Las mencionadas cuestiones de detalle quedaron zanjadas rápidamente. Osiander no escribiría la menor nota a Copérnico, y en cambio dirigiría todas sus críticas, si las había, al «Orfeo de la astronomía», que eventualmente haría el papel de intermediario con el maestro de Frauenburg. Si era preciso modificar la más mínima coma del texto, Osiander se lo diría en primer lugar a Petreius, que en adelante tenía carta blanca para resolver cualquier dificultad. Osiander aprobó con una vehemencia devota las decisiones del joven profesor. Algún día conseguiría convertirle también a él.

Rheticus salió de allí más tranquilo. Ya nada detendría la aparición de las
Revoluciones
. En adelante podía dedicarse a pensar en sí mismo y en sus intereses. La universidad reformada de Leipzig acababa de hacerle una oferta prometedora para ocupar allí el cargo de profesor de matemáticas. Decidió aceptar: Leipzig era mucho más prestigiosa que Wittenberg, y él formaría parte de la dirección colegial, que tenía una reputación de gran tolerancia; ganaría mucho más dinero, y también fama. Pero sobre todo, también se libraría de la engorrosa tutela de Melanchthon y le haría pagar con su deserción todos sus tejemanejes.

De todos aquellos proyectos, Osiander nunca llegó a saber nada. Petreius había descrito muy bien al personaje: era un reptil, frío y viscoso. Al despedirse de él, Rheticus había evitado estrechar su mano. Es bien sabido que las serpientes no tienen manos.

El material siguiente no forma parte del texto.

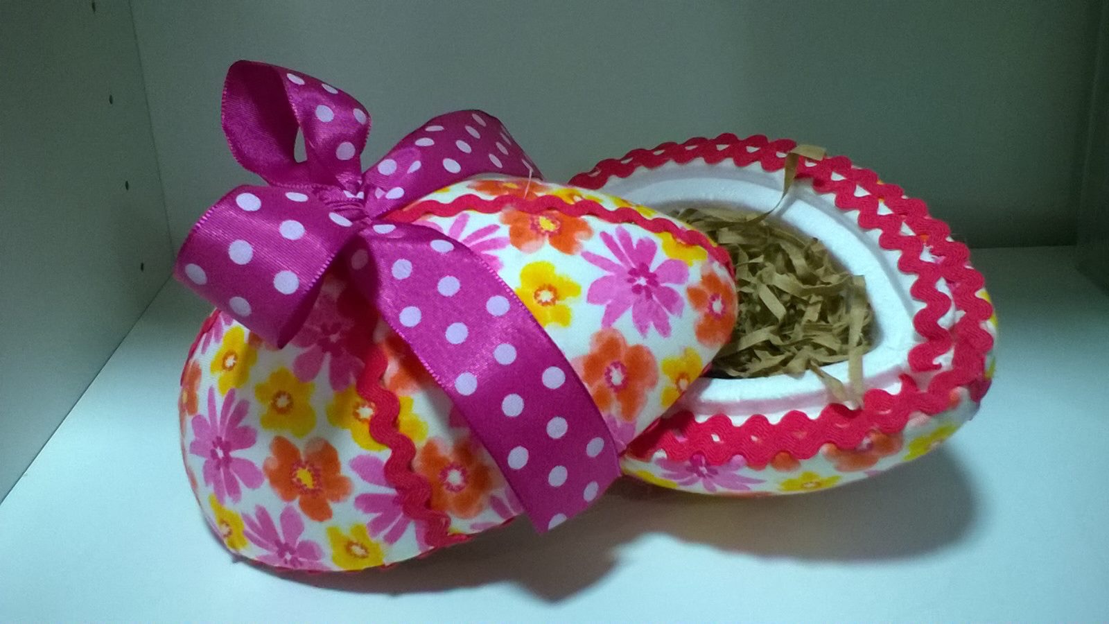 “Ovos com base em chacota, pintados, com pormenores em Eva glitter e fita”, somam-se prontos a levar as iguarias da época, havendo também “ovos com base em esferovite forrado a tecido, com fitas e laços”.
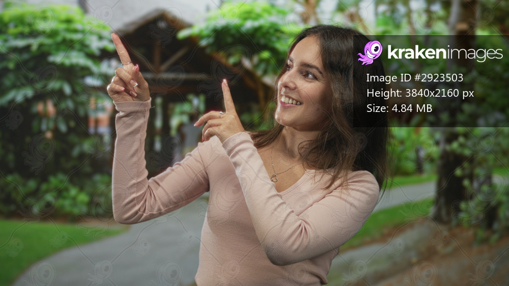 Woman points both index fingers upward by a building entrance surrounded by green park foliage; playful optimism.
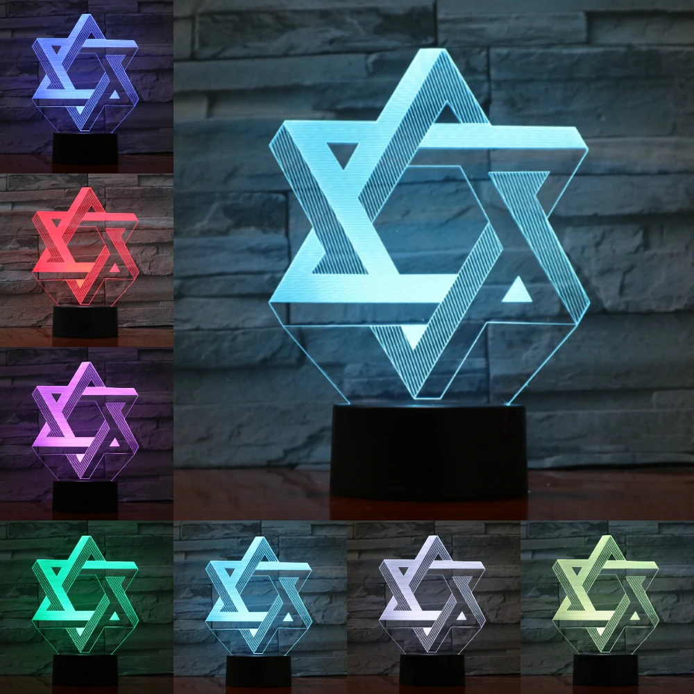 Special Offer Hexagram 3D Ster Van David Nachtlampje LED 7 Kleuren Stemming Tafellamp USB Slaapkamer Bed Slaap Licht Armatuur Thuis decor Kids Geschenken Discount 35% Today!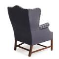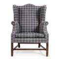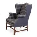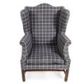 Øreklapstol betrukket med ternet cotil, profileret stel af mahogni. 1940–50'erne.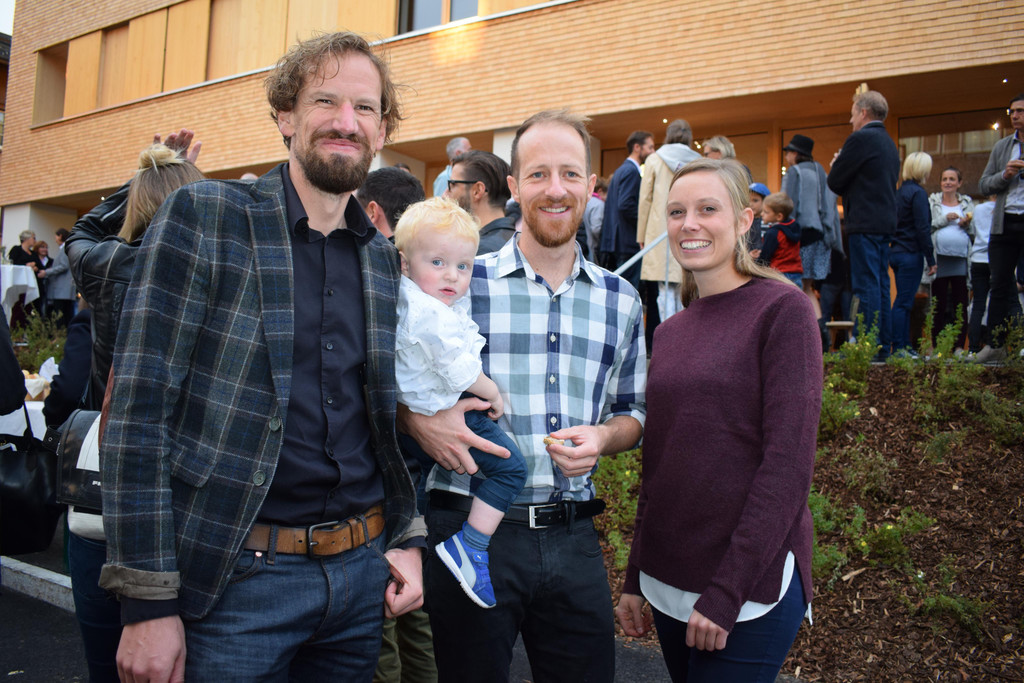 Architekt Georg Bechter, Andreas Fetz mit Pius sowie Teresa Rädler.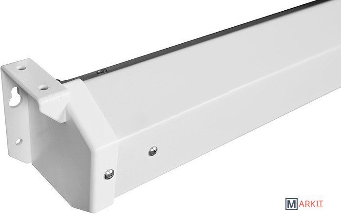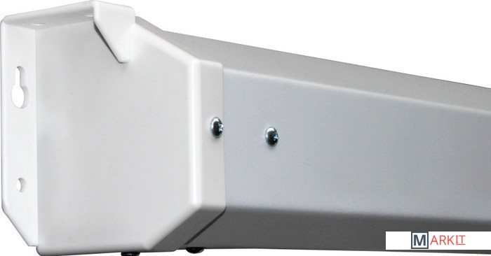 Длина кабеля 5м. Кабель оснащен электрическим переключателем для управления экраном.Мощность электропривода 18 Вт, скорость вращения двигателя 15 об./мин.Корпус экрана шестиугольного сечения выполнен из стали с белым полимерным покрытием. Торцевые заглушки корпуса изготовлены из ударопрочного белого пластика.Нижняя натяжная стальная планка круглого сечения диаметром 13 мм с белым полимерным покрытием.Материалы полотна экрана экологически безопасны, полностью удовлетворяют требованиям пожарной безопасности к строительным материалам и компонентам.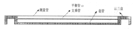 如圖2所示,是單直管科氏質(zhì)量流量計(jì)的一種方案,由測量管、支承管、套管、電磁激振器、拾振器(電磁振動傳感器)和聯(lián)接法蘭等組成。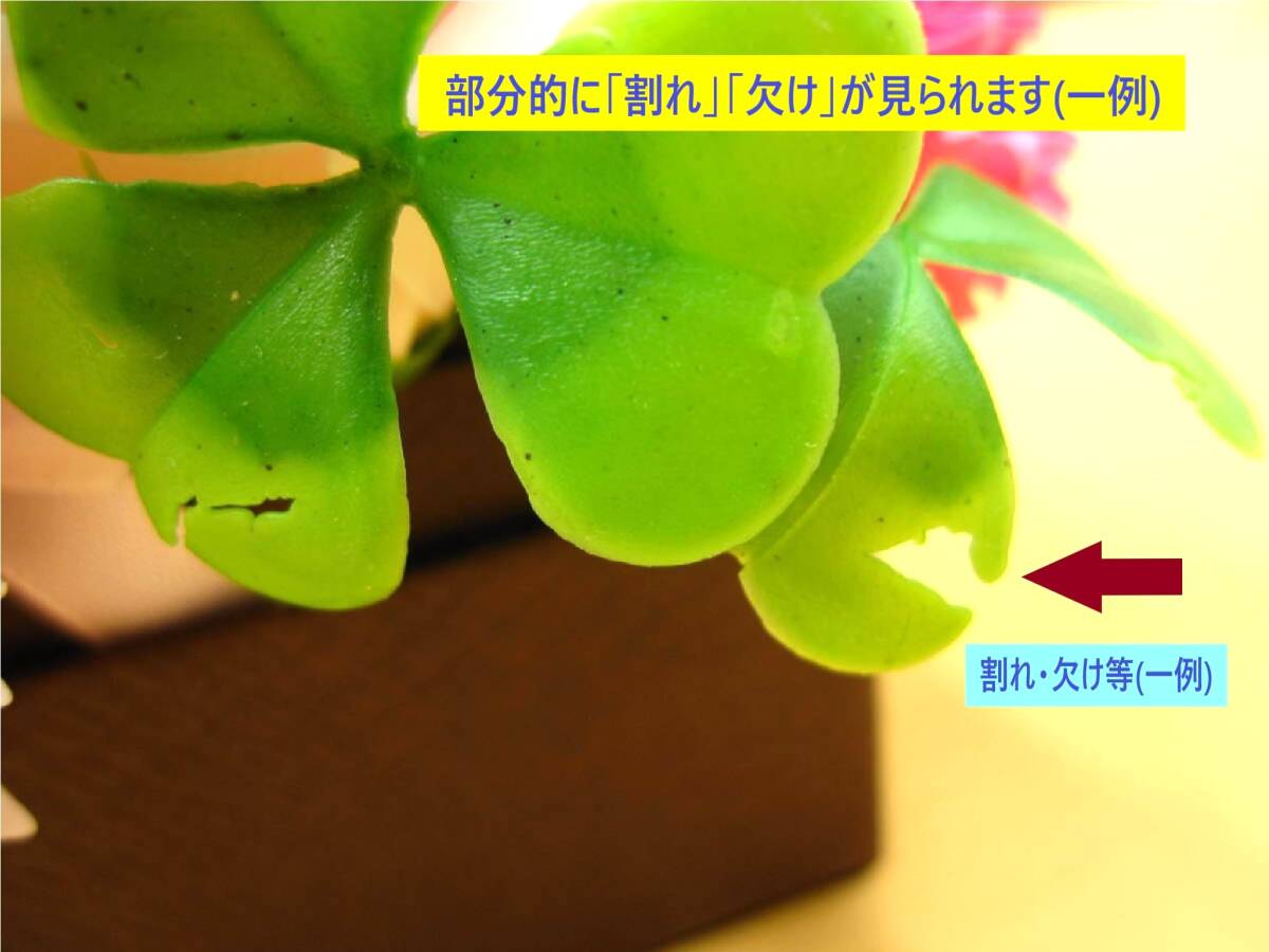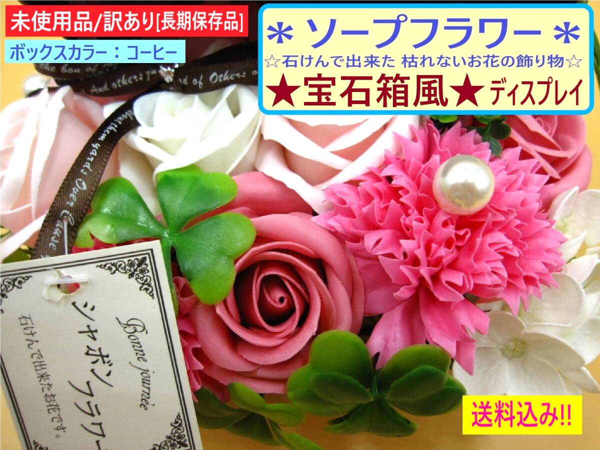 | 撮影・確認の為、 外箱・内袋を開封しましたが、未使用品です。 石けんで出来た 枯れない お花の 置物です。 長期保存品につき、ソープの香りが 弱くなっている可能性があります。 また、一部パーツに割れ・欠けが見られます。 この点より「訳あり」として出品いたします。 以下の商品説明をよくご覧になってから、 ご検討をお願い致します。 神経質な方、完品をご希望の方は、 御入札をご遠慮ください。 【商品内容】 シャボンフラワー プチハーモニー コーヒー (SBL-115S) サイズ: 容器(厚紙製) 約 幅12×奥行10×高さ14(cm) 花を含めたサイズ 約 幅17×奥行14×高さ14(cm) 商品重量: 165g その他: 海外製/メーカー等の詳細は不明 倉庫にての長期保存品です 外箱には傷みがみられます *状態等は、画像にてご確認ください *実際の商品の色味とは異なる場合があります *サイズは、当方のメジャーによる 大まかな数値です *サイズ参考に コーヒーボトル小缶を置いた状態で 撮影した画像をあげています 参考にどうぞ(画像:10) 【状態等】 ・撮影・確認の為、 外箱・内袋を開封しましたが、未使用品です。 ・外箱には、スレ・キズ・破れ・角の潰れなどの 傷みがありますが、 あくまでも 商品保護のためのものとご認識下さい。 外箱も美品をご希望の方はご遠慮ください。 ・長期保存品につき、内部への埃の入り込み等、 御容赦下さい。 ・クローバーパーツ(プラスチック製)に、 割れ・欠けが複数見られます。 画像に一例をあげておきますので、 参考になさった上で、ご検討下さい。 (参考:画像9) 【補足】 ・配送時の振動などで、 全体の形が崩れる可能性があります。 ・ソープの香りや色合いは 永久的な物ではありません。 経年により、香りの薄れや 色あせが起こる場合があります。 ・発送は、商品保護用外箱に 緩衝材を巻き付けた状態で行う 場合があります。 (発送伝票は緩衝材に直貼りです) 以上の点より「訳あり」扱い品として 安価にて出品いたします。 ご承知をいただける方のみ、 ノークレーム・ノーリターンにて ご検討下さい。 | ||

El recadero dejó sobre la mesa el enorme paquete, y retrocedió un paso para verlo mejor, como si él mismo hubiera compuesto aquel gran cubo de cartón repleto de sellos y de firmas diversas, prueba de que las aduanas habían aceptado su paso a través de diferentes fronteras. Para librarse de él, Radom puso en su mano abierta un puñado de calderilla no demasiado escueta. El recadero desapareció, después de mil y una reverencias, y no sin haber vaciado de un trago la jarra de cerveza que le había ofrecido el coloso.

—Amiga mía, el honor es tuyo, abre eso —dijo Nicolás, al tiempo que tendía a Ana un par de tijeras de plata.

—Rehúso, cariño. No me corresponde a mí, sino a monseñor de Kulm.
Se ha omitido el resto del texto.